# Tanners Creek



## bassmaniac (May 10, 2004)

Might be fishing Tanners Creek in a couple weeks. What licenses are needed for that area?


----------



## Doctor (Apr 5, 2004)

Indiana or Kentucky


----------



## Warpath (May 23, 2004)

It all depends if you want to fish all the areas. I know there are reciprocal agreements between states, but most only regard the main river up to "the first ripple of any tributary". From what I have been told, that means if the water in the tributary is in any distance from the shore of the main river, you need that state's particular license to fish it. 
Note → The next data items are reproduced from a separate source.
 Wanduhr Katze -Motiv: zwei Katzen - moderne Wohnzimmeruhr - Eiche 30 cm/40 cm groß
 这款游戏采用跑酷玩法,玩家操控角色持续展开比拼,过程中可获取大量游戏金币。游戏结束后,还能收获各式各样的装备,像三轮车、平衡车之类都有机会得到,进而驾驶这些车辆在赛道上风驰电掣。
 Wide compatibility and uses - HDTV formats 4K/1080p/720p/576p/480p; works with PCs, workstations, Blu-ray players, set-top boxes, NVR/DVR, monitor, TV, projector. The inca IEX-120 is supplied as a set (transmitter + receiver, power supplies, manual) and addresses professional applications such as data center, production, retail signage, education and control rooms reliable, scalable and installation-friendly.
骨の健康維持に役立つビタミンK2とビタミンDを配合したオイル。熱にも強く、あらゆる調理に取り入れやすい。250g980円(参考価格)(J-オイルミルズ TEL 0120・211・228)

When bass clubs prepare for tournaments at Tanner's Creek, they suggest getting all of the licenses necessary so you are not confined from any waters. Get all three, Ohio, Indiana, and Kentucky. 

Eric


----------



## LakeRaider (Apr 5, 2004)

I grew up on it! I fished bass tourneys on it from 1974 to 1994 on it.I was the first to run a Hydrasport bassboat with an inline 150 hp Merc on it.I can tell you every inch of it from the ramp to its headwaters in Guilford. I can tell you about all three backwaters on it and the island. I can tell you where the vault on the bank is. I can tell you where the missing bridge is. I can tell you where the sandbar is. Where the seven mile 1893 bridge is. I can even tell you where the body that was found in 1989 was at. I can show you where the Alligator was caught! I can tell you about Mack Hunley in the IndayII . I promise you NOBODY here at OGF knows more about Tanners Creek than I do!!!! I can also tell you about every inch of Laughery Creek from the mouth to Hartford Crossing where I caught a largemouth bass weighing 6lbs 9-1/4 oz and its on my wall on 6-26-1988. You need an Indiana license! What do you want to know?!  LakeRaider


----------



## LakeRaider (Apr 5, 2004)

Old timers of Tanners. Can you still remember the old road to the ramp to the right of McDonalds? That would be off Eads Parkway! Ring a bell?  Raider


----------



## LakeRaider (Apr 5, 2004)

Anybody remember Ronny Brown or Tate Sheppard from Tanners? Both ran Hydrasports. I just spent a week at Ky.Lake with Ron the last week of April! And Ron, Tate and Joe Brown (deceased) taught me the creek and they fished it in the 60,s and still currently go!  Think about it, thats over 39+ plus years!  Raider


----------



## sliprig (Apr 6, 2004)

Tanner's starts well past Guilford, in St Leon really. It's small up there, in fact a young boy could pee across it with out breakin' a sweat  
Sounds like you know rest like the back on your hand.

Slip


----------



## LakeRaider (Apr 5, 2004)

Yep, your right. You can,t go past Guilford area in a bassboat is what I meant. But your absolutely right, she goes way up there. I never fished above but I heard there was some good wading areas. Tell us what you know, I,m interested in that area. Is it canoe-able?  Raider


----------



## Kickerfish (Jun 2, 2005)

Hey, Lake Raider, I sent you a private message!


----------